• [Exercise material]

▬▬▬▬▬▬▬▬▬▬

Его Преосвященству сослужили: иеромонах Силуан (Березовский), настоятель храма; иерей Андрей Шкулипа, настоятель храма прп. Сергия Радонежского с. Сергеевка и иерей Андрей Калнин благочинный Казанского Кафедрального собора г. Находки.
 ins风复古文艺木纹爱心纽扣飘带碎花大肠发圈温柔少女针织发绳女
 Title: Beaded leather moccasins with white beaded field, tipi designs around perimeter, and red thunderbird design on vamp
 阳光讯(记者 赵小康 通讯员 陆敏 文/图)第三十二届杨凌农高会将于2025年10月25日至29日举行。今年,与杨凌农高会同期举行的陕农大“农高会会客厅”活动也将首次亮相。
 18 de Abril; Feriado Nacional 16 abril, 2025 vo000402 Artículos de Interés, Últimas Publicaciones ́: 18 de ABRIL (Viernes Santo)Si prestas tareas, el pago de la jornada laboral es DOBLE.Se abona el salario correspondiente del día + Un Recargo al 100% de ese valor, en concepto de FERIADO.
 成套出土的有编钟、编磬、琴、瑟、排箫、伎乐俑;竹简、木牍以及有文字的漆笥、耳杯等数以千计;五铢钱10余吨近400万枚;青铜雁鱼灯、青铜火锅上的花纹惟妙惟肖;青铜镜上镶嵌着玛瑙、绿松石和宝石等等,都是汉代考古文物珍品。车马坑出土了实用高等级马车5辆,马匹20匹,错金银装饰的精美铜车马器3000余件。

▬▬▬▬▬▬▬▬▬▬

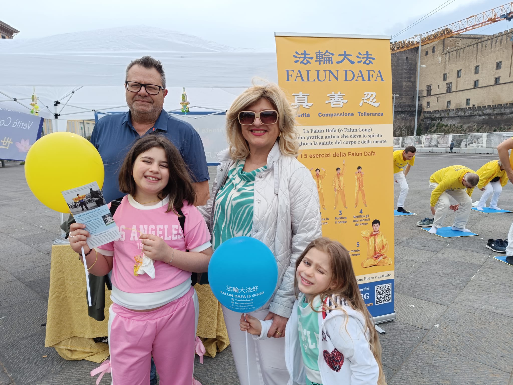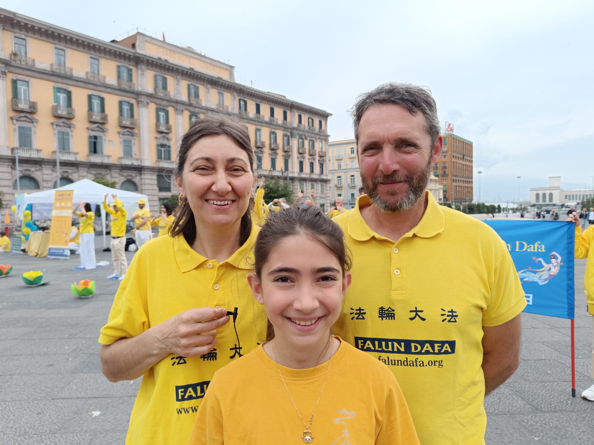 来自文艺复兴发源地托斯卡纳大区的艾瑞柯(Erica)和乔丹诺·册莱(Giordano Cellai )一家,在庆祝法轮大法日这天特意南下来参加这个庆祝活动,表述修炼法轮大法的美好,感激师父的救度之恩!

▬▬▬▬▬▬▬▬▬▬

• [What you should do] Output exactly the lines of the material above from the one containing "Его Преосвященству сослужили: иеромонах" up to and including the one containing "Title: Beaded leather".

• [Answer space]
Его Преосвященству сослужили: иеромонах Силуан (Березовский), настоятель храма; иерей Андрей Шкулипа, настоятель храма прп. Сергия Радонежского с. Сергеевка и иерей Андрей Калнин благочинный Казанского Кафедрального собора г. Находки.
 ins风复古文艺木纹爱心纽扣飘带碎花大肠发圈温柔少女针织发绳女
 Title: Beaded leather moccasins with white beaded field, tipi designs around perimeter, and red thunderbird design on vamp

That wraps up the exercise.